Job Summary:
TensorWave is dedicated to delivering seamless and reliable AI compute at scale through their cloud platform. They are seeking a DevOps Software Engineer to design and build integrations between internal platform services and infrastructure systems, focusing on automation and orchestration across platforms.
Responsibilities:
• Design and build integrations between internal platform services (e.g., messaging/pub-sub systems), infrastructure systems (compute, storage, networking), third-party vendor platforms
• Develop services and tools that enable automation workflows, system coordination and orchestration, event-driven infrastructure operations
• Write production-quality code in Go, Python, Rust (where applicable)

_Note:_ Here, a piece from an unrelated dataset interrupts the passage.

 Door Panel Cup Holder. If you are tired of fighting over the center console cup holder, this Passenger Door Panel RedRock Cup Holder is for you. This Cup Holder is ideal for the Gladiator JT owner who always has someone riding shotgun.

• Build APIs, services, and background workers that interact with infrastructure platforms, CI/CD systems, automation frameworks
• Ensure code is reliable, observable, maintainable
• Integrate software with automation systems such as Ansible, Terraform, CI/CD pipelines (GitHub Actions, ArgoCD)

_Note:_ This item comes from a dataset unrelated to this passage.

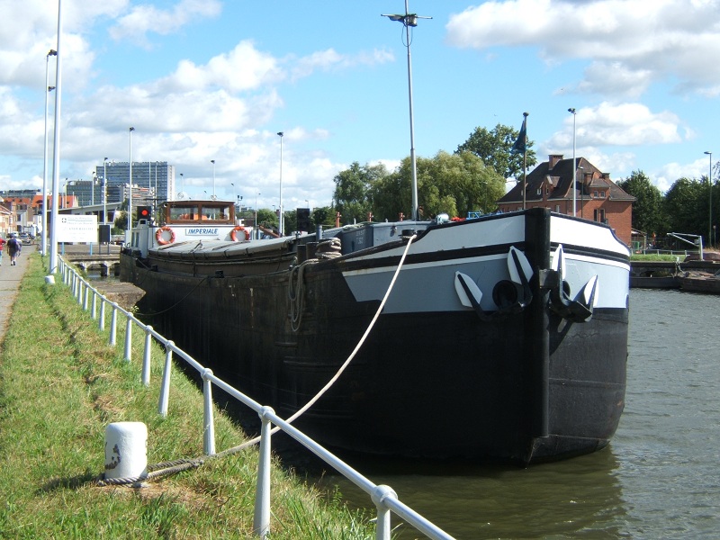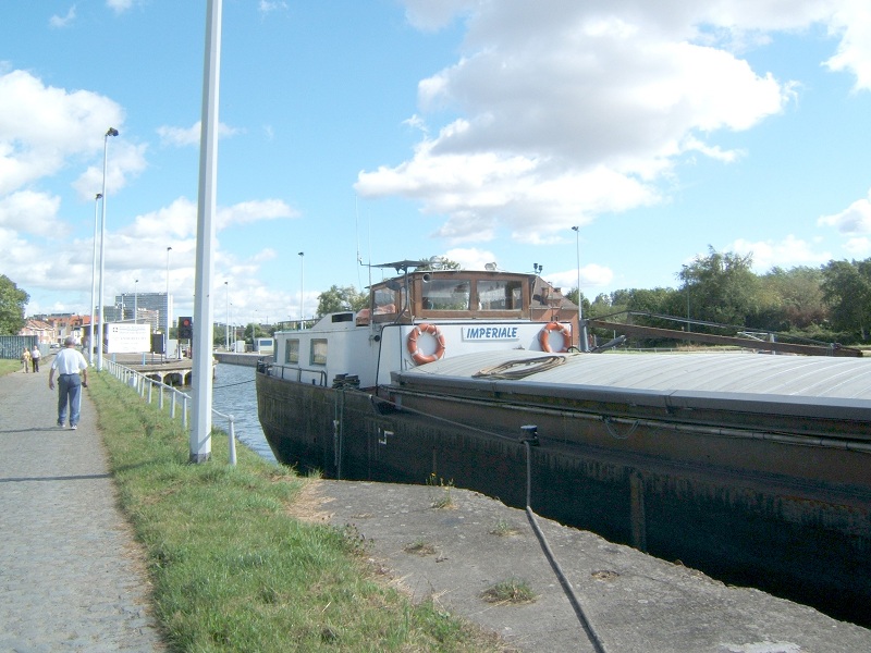 Comme le quai est un perré en amont de l'écluse d'Anderlecht et que rien ne protégeait les cornières qui frottaient sur le béton, un beau matin IMPERIALE prenait de la gîte . Voie d'eau rapidement et provisoirement colmaté. Parti vers un chantier ? pour réparation.

• Enable infrastructure workflows through APIs, event-driven systems, automation hooks
• Work closely with DevOps engineers (infrastructure and automation), Development teams (application requirements)
• Translate infrastructure capabilities into usable APIs and services
• Help teams integrate their systems into platform workflows
• Build logging, metrics, and tracing into services
• Debug and resolve issues across distributed systems
• Ensure integrations are resilient and handle failure scenarios gracefully
• Identify gaps in platform integration and automation
• Build tooling that reduces manual work and improves system cohesion
• Contribute to standards for internal platform development
Qualifications:
Required:
• 5+ years of experience in software engineering, DevOps development, or platform engineering
• Strong programming experience in: Go and/or Python
• Rust is a strong plus
• Experience building: APIs, services, system integrations
• Strong understanding of: Distributed systems concepts, Event-driven architectures
• Experience working with: Linux systems, Infrastructure platforms
Preferred:
• Experience integrating with: Infrastructure platforms (compute, storage, networking), Kubernetes environments
• Familiarity with: Message queues or pub/sub systems, CI/CD systems (GitHub Actions, ArgoCD)

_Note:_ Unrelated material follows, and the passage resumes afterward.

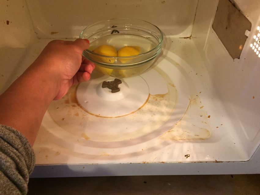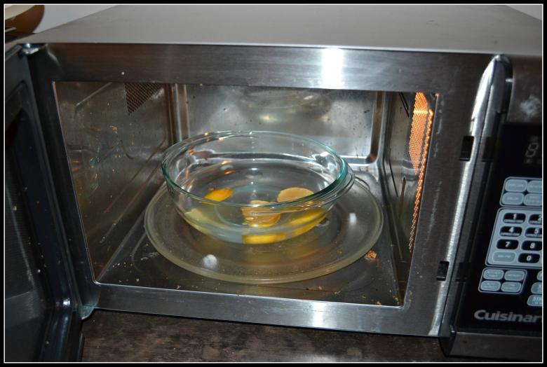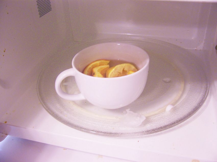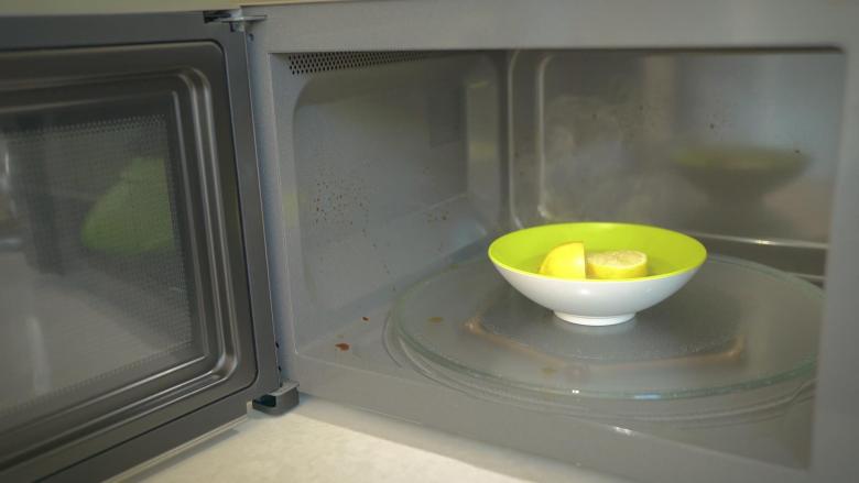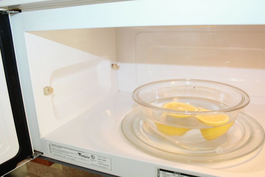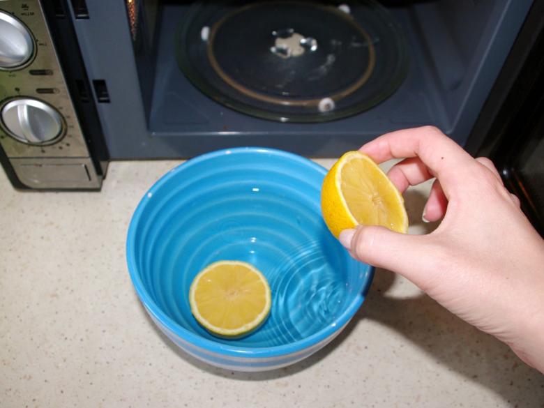 Le citron ne doit pas être pelé avant d'être utilisé, les huiles essentielles aideront également à se débarrasser de l'odeur désagréable dans le micro-ondes. Des cercles de citron préparés ou de l'acide citrique (0,5 cuillère à café pour 1 litre) sont placés dans un récipient avec de l'eau, puis placés dans le four pendant 3 à 5 minutes, en le mettant à pleine puissance.

• Experience with automation frameworks such as: Ansible
• Experience working with third-party APIs and vendor platforms
• Exposure to infrastructure at scale or CSP environments
Company:
TensorWave is an AMD-exclusive cloud platform that leverages AMD Instinct GPUs and ROCm for high-performance AI workloads. Founded in 2023, the company is headquartered in Las Vegas, USA, with a team of 51-200 employees. The company is currently Growth Stage.